=== Begin Enclosure ===

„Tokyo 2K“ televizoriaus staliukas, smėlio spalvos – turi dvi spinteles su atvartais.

=== End Enclosure ===
=== Begin Enclosure ===

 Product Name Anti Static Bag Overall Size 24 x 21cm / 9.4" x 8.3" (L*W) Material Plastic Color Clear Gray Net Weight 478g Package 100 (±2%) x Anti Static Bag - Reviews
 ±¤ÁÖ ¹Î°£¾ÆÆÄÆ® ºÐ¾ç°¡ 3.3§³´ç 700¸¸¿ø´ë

=== End Enclosure ===

PROBLEM DETAILS: Reproduce exactly the lines of the records above from the one with "Product Name Anti" to the one with "ºÐ¾ç°¡ 3.3§³´ç 700¸¸¿ø´ë", both included, and leave out everything else.

RESPONSE BELOW:
 Product Name Anti Static Bag Overall Size 24 x 21cm / 9.4" x 8.3" (L*W) Material Plastic Color Clear Gray Net Weight 478g Package 100 (±2%) x Anti Static Bag - Reviews
 ±¤ÁÖ ¹Î°£¾ÆÆÄÆ® ºÐ¾ç°¡ 3.3§³´ç 700¸¸¿ø´ë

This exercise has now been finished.